━━━ Data records

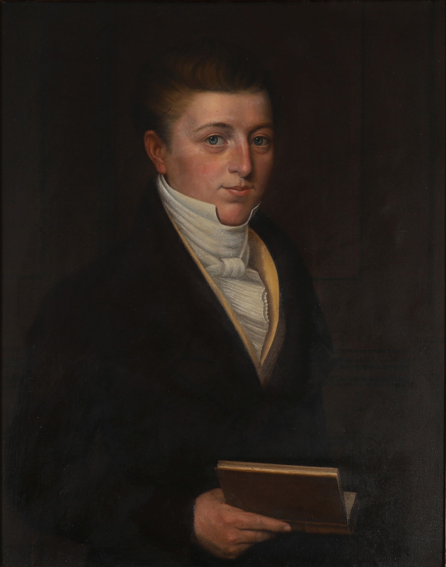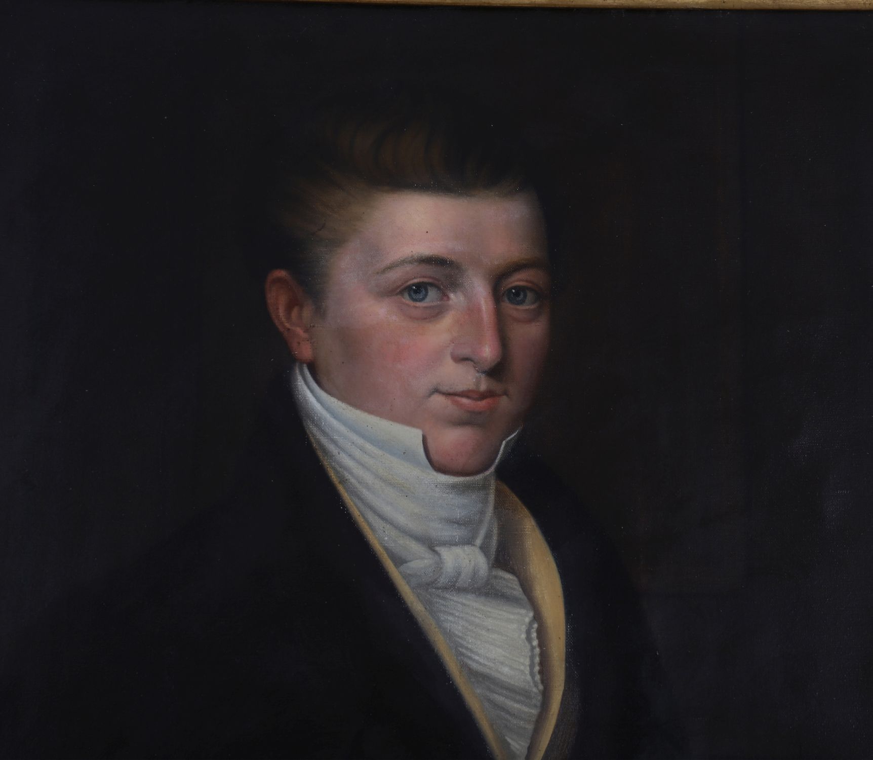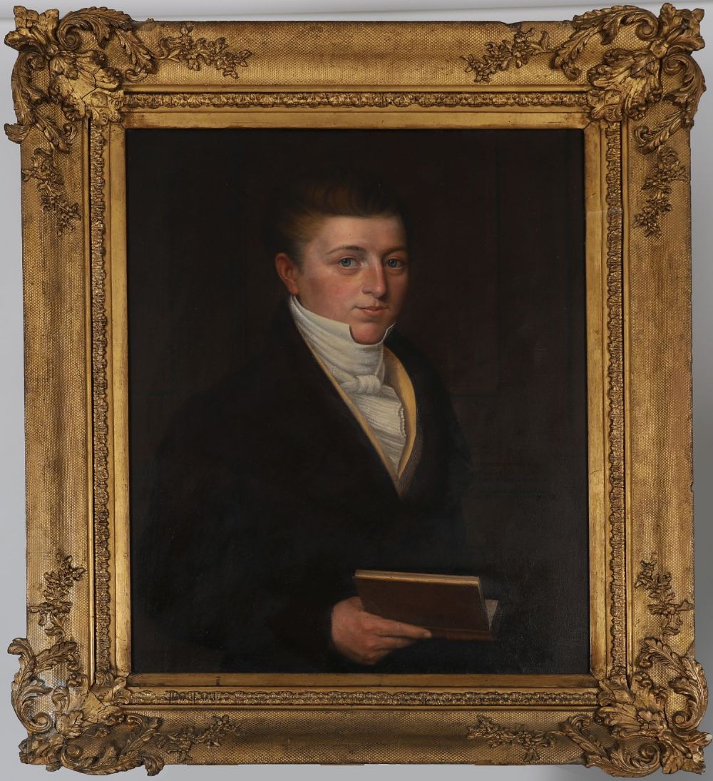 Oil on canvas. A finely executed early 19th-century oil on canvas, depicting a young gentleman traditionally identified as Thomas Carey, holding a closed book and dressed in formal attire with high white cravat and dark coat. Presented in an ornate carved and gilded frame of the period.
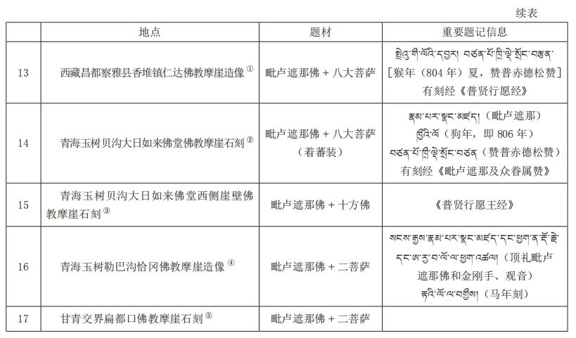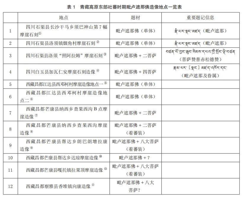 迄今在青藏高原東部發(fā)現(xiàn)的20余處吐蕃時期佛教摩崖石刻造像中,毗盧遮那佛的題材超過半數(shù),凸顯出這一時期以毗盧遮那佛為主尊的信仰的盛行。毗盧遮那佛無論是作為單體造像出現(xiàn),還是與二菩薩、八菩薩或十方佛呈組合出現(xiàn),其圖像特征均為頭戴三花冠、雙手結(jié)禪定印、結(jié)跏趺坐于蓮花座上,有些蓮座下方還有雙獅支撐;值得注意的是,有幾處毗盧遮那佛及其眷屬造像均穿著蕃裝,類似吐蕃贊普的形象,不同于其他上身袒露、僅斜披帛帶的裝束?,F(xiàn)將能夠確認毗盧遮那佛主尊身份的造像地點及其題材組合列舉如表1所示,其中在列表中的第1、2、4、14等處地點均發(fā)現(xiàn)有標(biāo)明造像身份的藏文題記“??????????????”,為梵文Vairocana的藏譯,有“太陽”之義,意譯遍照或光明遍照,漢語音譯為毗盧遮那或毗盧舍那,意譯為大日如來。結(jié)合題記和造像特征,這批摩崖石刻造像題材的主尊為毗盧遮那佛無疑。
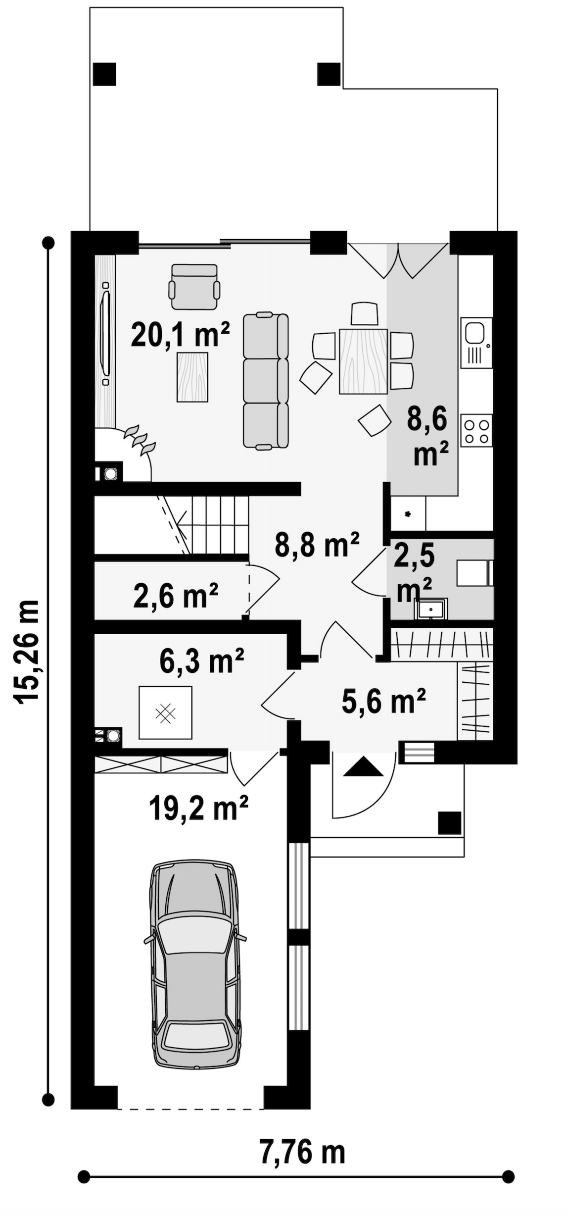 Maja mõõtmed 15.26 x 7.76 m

━━━━━━
━━━ Data records

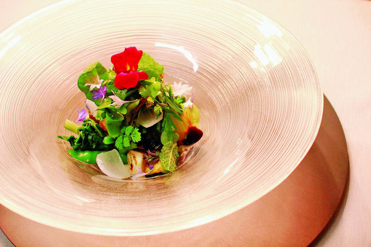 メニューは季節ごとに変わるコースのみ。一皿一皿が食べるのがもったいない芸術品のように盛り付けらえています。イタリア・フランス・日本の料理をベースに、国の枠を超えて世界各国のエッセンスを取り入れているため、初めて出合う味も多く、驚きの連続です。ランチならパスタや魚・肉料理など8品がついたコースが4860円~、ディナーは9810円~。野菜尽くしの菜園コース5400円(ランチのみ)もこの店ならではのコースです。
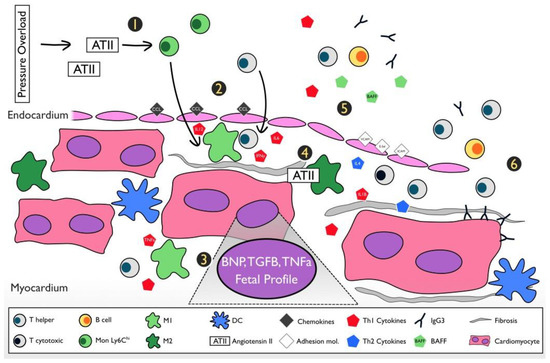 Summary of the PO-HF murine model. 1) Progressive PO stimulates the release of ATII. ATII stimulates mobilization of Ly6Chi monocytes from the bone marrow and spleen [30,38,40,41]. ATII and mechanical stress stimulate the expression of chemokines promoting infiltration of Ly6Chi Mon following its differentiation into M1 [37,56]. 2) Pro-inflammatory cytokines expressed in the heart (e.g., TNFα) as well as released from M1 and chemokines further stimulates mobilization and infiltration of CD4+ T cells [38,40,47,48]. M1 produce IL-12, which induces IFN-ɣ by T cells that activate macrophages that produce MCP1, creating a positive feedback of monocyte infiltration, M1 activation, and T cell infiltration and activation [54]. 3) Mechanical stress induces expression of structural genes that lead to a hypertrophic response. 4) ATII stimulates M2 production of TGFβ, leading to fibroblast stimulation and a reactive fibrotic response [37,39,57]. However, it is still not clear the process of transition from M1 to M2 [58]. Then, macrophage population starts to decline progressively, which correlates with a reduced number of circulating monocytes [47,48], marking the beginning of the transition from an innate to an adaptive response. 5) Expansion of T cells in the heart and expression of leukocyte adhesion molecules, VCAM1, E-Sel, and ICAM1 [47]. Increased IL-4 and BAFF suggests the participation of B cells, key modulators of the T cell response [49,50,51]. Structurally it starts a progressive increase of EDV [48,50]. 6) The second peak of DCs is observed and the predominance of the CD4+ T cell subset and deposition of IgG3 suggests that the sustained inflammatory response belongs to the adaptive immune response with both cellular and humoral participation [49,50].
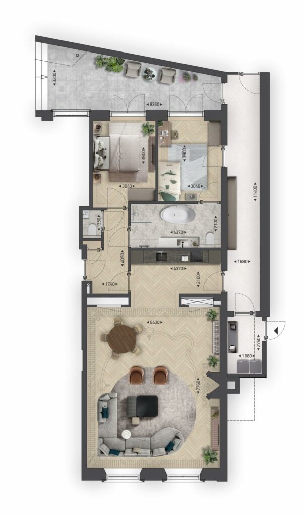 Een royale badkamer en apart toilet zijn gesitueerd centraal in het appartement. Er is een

━━━━━━

Once the line with "迄今在青藏高原東部發(fā)" has been found above, output that line and every later line exactly, stopping after the line with "Maja mõõtmed 15.26 x 7.76 m", and omit the pictures.

 迄今在青藏高原東部發(fā)現(xiàn)的20余處吐蕃時期佛教摩崖石刻造像中,毗盧遮那佛的題材超過半數(shù),凸顯出這一時期以毗盧遮那佛為主尊的信仰的盛行。毗盧遮那佛無論是作為單體造像出現(xiàn),還是與二菩薩、八菩薩或十方佛呈組合出現(xiàn),其圖像特征均為頭戴三花冠、雙手結(jié)禪定印、結(jié)跏趺坐于蓮花座上,有些蓮座下方還有雙獅支撐;值得注意的是,有幾處毗盧遮那佛及其眷屬造像均穿著蕃裝,類似吐蕃贊普的形象,不同于其他上身袒露、僅斜披帛帶的裝束?,F(xiàn)將能夠確認毗盧遮那佛主尊身份的造像地點及其題材組合列舉如表1所示,其中在列表中的第1、2、4、14等處地點均發(fā)現(xiàn)有標(biāo)明造像身份的藏文題記“??????????????”,為梵文Vairocana的藏譯,有“太陽”之義,意譯遍照或光明遍照,漢語音譯為毗盧遮那或毗盧舍那,意譯為大日如來。結(jié)合題記和造像特征,這批摩崖石刻造像題材的主尊為毗盧遮那佛無疑。
 Maja mõõtmed 15.26 x 7.76 m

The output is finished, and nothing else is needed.